Building Patent Portfolios to Facilitate Cross-Licensing Agreements: Implications for Merger Efficiency Analysis
39 Pages Posted: 16 May 2018
Date Written: December 28, 2013
One important issue at the cross section of antitrust and patent law is the patent holdup problem, which arises when one party makes relationship-specific investments ex ante that incentivizes the other party to engage in opportunistic behavior ex post. Firms facing the potential for holdup can be expected to make investments aimed at minimizing this potential. Merger is an important, but thus far little-discussed, method by which firms can attempt to solve potential holdup problems. Merger internalizes the externalities that allow for patent holdup. By merging, two firms with relatively undeveloped patent portfolios may gain meaningfully increased bargaining power in licensing negotiations, which they may use to facilitate cross-licensing agreements — thereby decreasing transactions costs and reducing the risk of opportunistism. For purposes of antitrust analysis, courts, agencies, and economists have long recognized that significant efficiencies often derive from cross licensing, including increases in output arising from the diminished marginal costs of production. As the Google-Motorola acquisition exemplifies, merger may provide an important alternative solution to holdup problems, despite being largely overlooked in the contemporary patent holdup debate. This acquisition potentially provides Google with leverage and ownership rights to protect the entire Android ecosystem that cannot be accomplished by alternative contractual structures. Such a merger — which increases output that cannot be achieved by alternative structures — appears to satisfy the basic definition of a merger efficiency. Whether these benefits — which presumably would increase output — are cognizable efficiencies in merger analysis is thus an important question.

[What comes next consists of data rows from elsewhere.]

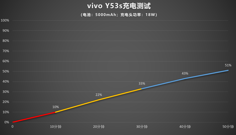 vivo Y53s内置5000mAh大电池,支持18W充电,充电续航部分我们进行了实际测试。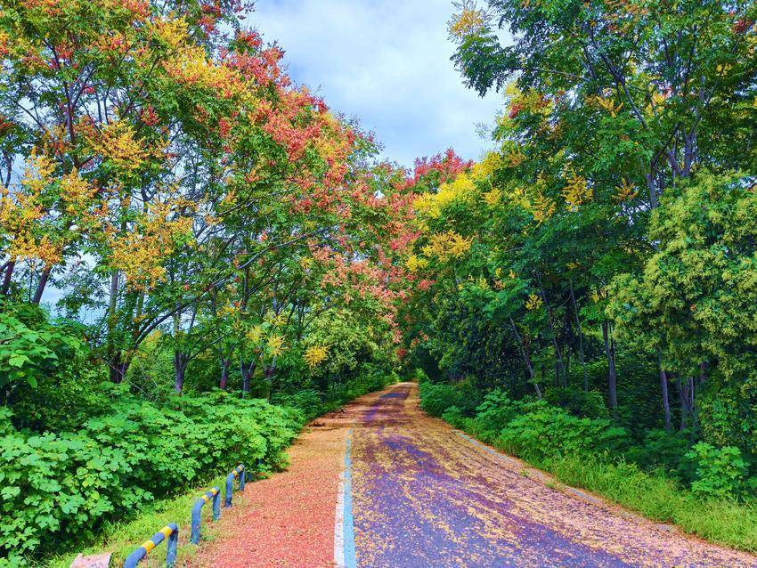 綠道上,欒樹綠油油的枝葉、金燦燦的花蕊、紅通通的燈籠果,還有那鋪滿一地的金色地毯,讓條條幽徑流淌著舒緩的童話般的音符。叢林間、小徑旁,木槿花依然蓬勃綻放。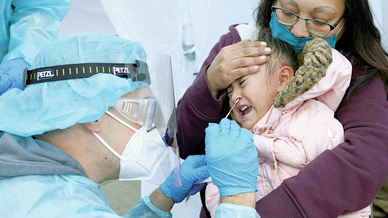 FILE - In this Nov. 10, 2020, file photo, Kim Tapia holds her granddaughter Amariah Lucero, 3, as she’s tested at the Utah National Guard’s mobile testing site for COVID-19 in Salt Lake City. The U.S. has recorded about 10.3 million confirmed infections, with new cases soaring to all-time highs of well over 120,000 per day over the past week. (AP Photo/Rick Bowmer, File)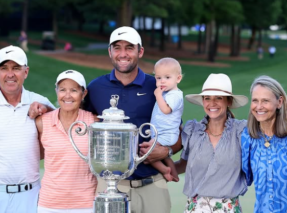 스코티 셰플러(미국)가 지난해 시즌 두 번째 메이저 대회인 PGA 챔피언십에서 우승한 뒤 가족과 기념 촬영을 하고 있다. 스코티 셰플러 SNS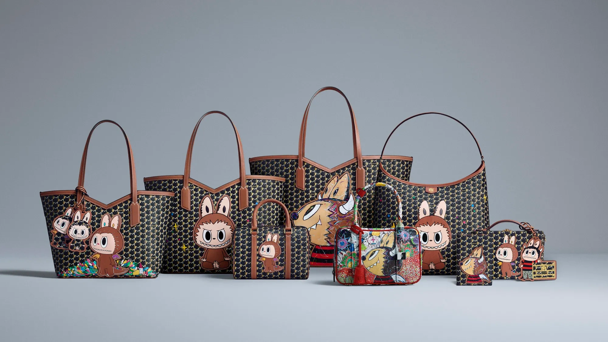 产品阵容涵盖Hobo手袋、Mini 48h手袋、Little Suitcase手提包,小号、中号和大号托特包,以及护照夹、卡包等小型皮具。此外,系列还包括一款名为Mignon的可定制手袋,饰以2024年插画图案,以及多款以Labubu等角色为主题的挂饰。设计提供蓝色、绿色、橙色、红色、黄色和经典棕色可选。

Part I of this Article discusses the economics of patent portfolios and cross licensing, addressing both their procompetitive tendencies and their anticompetitive possibilities. Part II demonstrates that merging to build a patent portfolio, and thereby to induce cross licenses, is consistent with traditional economic rationales underlying the ownership-contract tradeoff. Part III examines the treatment of efficiencies within antitrust law, articulating and analyzing the Guidelines’ framework for evaluating proffered efficiencies. Part IV then investigates whether building patent portfolios in order to facilitate cross-licensing agreements — and accordingly to increase output — satisfies the requirements of this framework. Part V concludes.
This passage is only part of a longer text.